WHAT THE TASK REQUIRES - Find the line that holds "ดร.ภาวินทร์ ณ พัทลุง" in the material below. Output that line and each one after it exactly, but not the pictures.

STORED DATA -
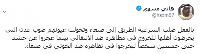 وكتب مسهور عبر تغريدة له على "تويتر" رصدها " المشهد العربي": "بالفعل ضلت الشرعية الطريق إلى صنعاء وتحولت عيونهم صوب عدن التي يحرضون أهلها للخروج في مظاهرة ضد الانتقالي بينما عجزوا عن حشد حتى خمسين شخصاً ليخرجوا في تظاهرة ضد الحوثي في صنعاء".
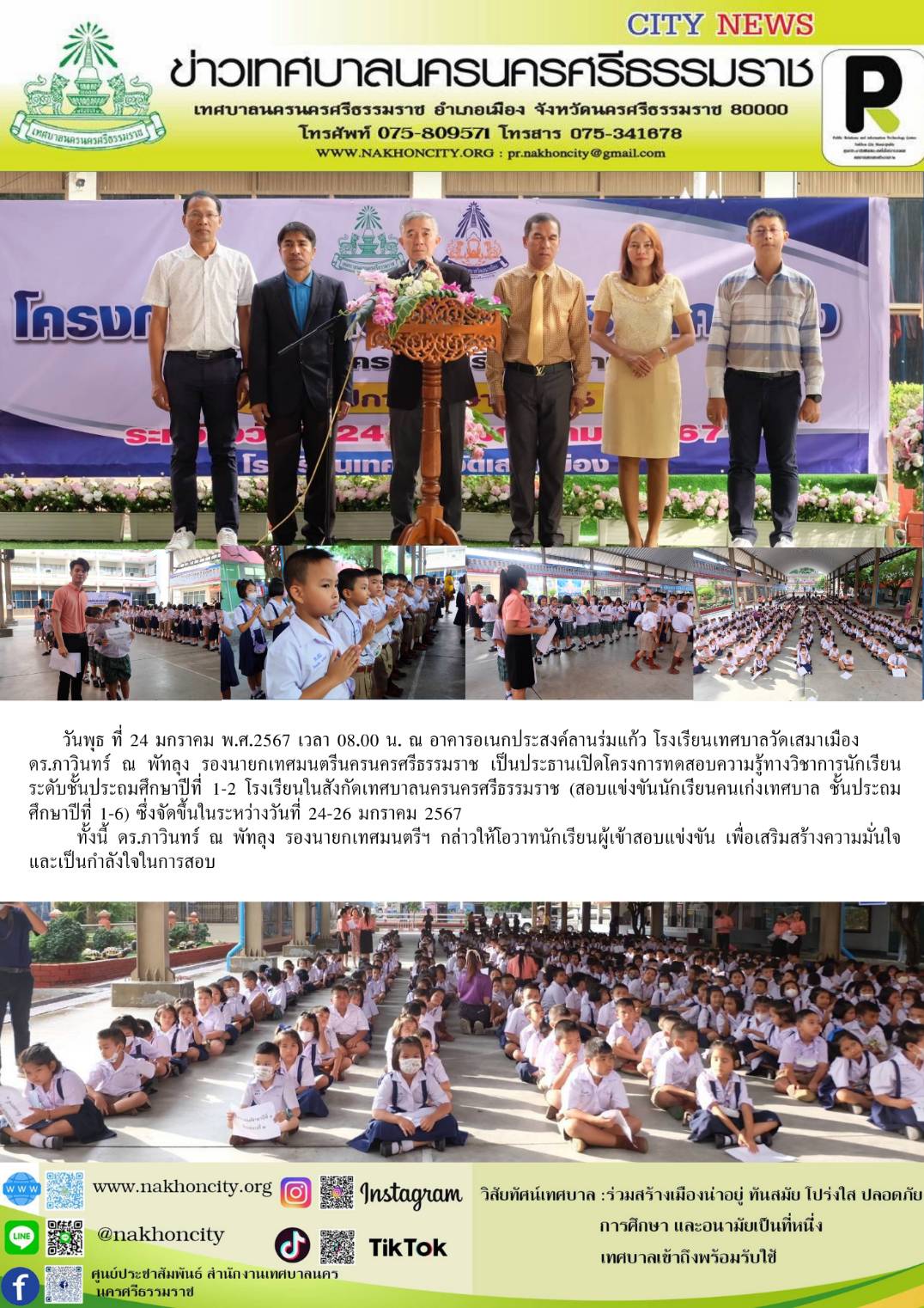 ดร.ภาวินทร์ ณ พัทลุง รองนายกเทศมนตรีนครนครศรีธรรมราช เป็นประธานเปิดโครงการทดสอบความรู้ทางวิชาการนักเรียนระดับชั้นประถมศึกษาปีที่ 1-2 โรงเรียนในสังกัดเทศบาลนครนครศรีธรรมราช |
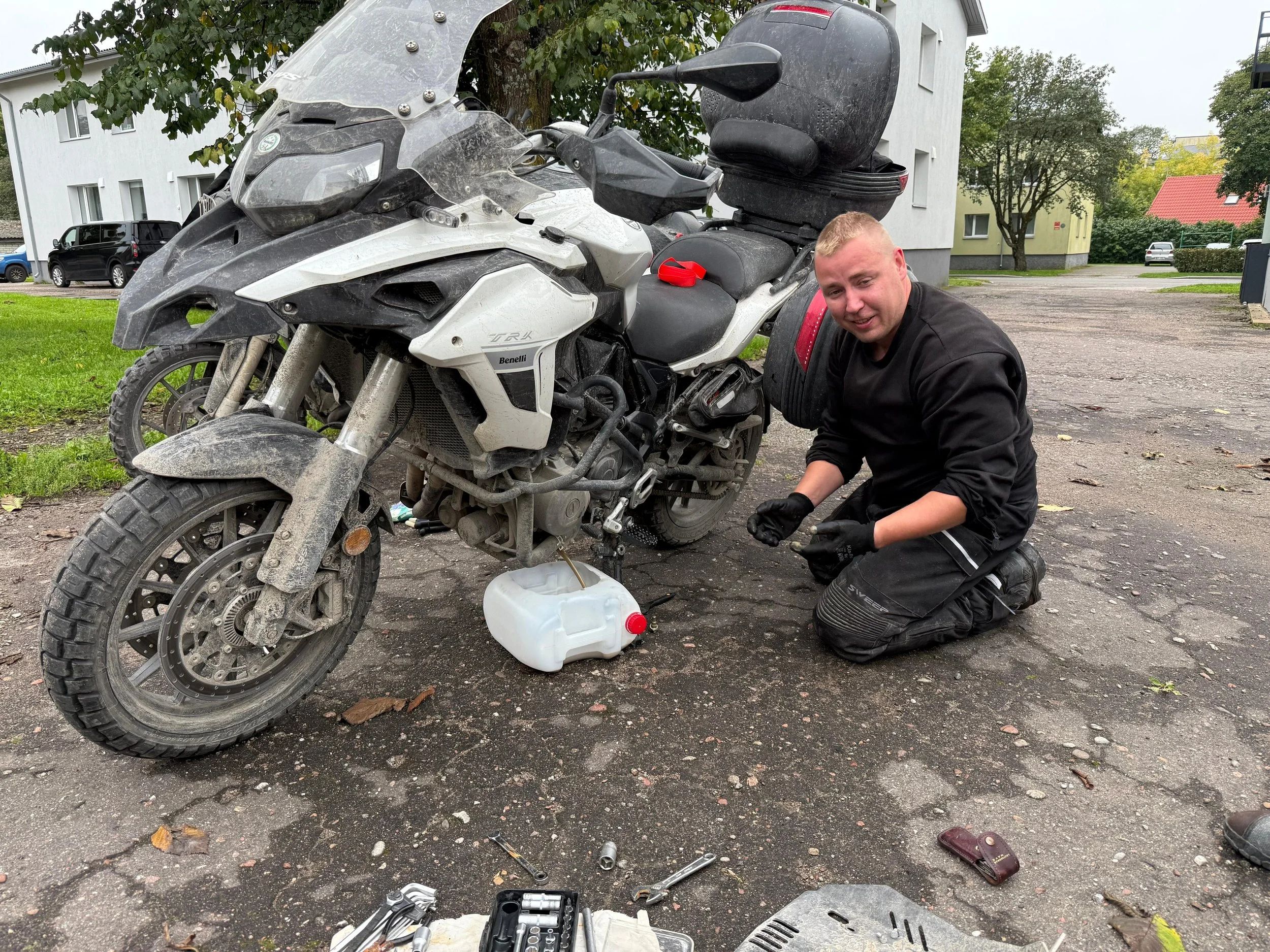 Aamu alkoi siis aamupalalla ja öljynvaihdolla, jonka iskuryhmä Sons of Kuusisto, Markuksen ja Jounin avuliaalla asiantuntemuksella toteutti hotellin parkkipaikalla. Eikä ollut edes maanantai…

SOLUTION FOR THIS TASK -
 ดร.ภาวินทร์ ณ พัทลุง รองนายกเทศมนตรีนครนครศรีธรรมราช เป็นประธานเปิดโครงการทดสอบความรู้ทางวิชาการนักเรียนระดับชั้นประถมศึกษาปีที่ 1-2 โรงเรียนในสังกัดเทศบาลนครนครศรีธรรมราช |
 Aamu alkoi siis aamupalalla ja öljynvaihdolla, jonka iskuryhmä Sons of Kuusisto, Markuksen ja Jounin avuliaalla asiantuntemuksella toteutti hotellin parkkipaikalla. Eikä ollut edes maanantai…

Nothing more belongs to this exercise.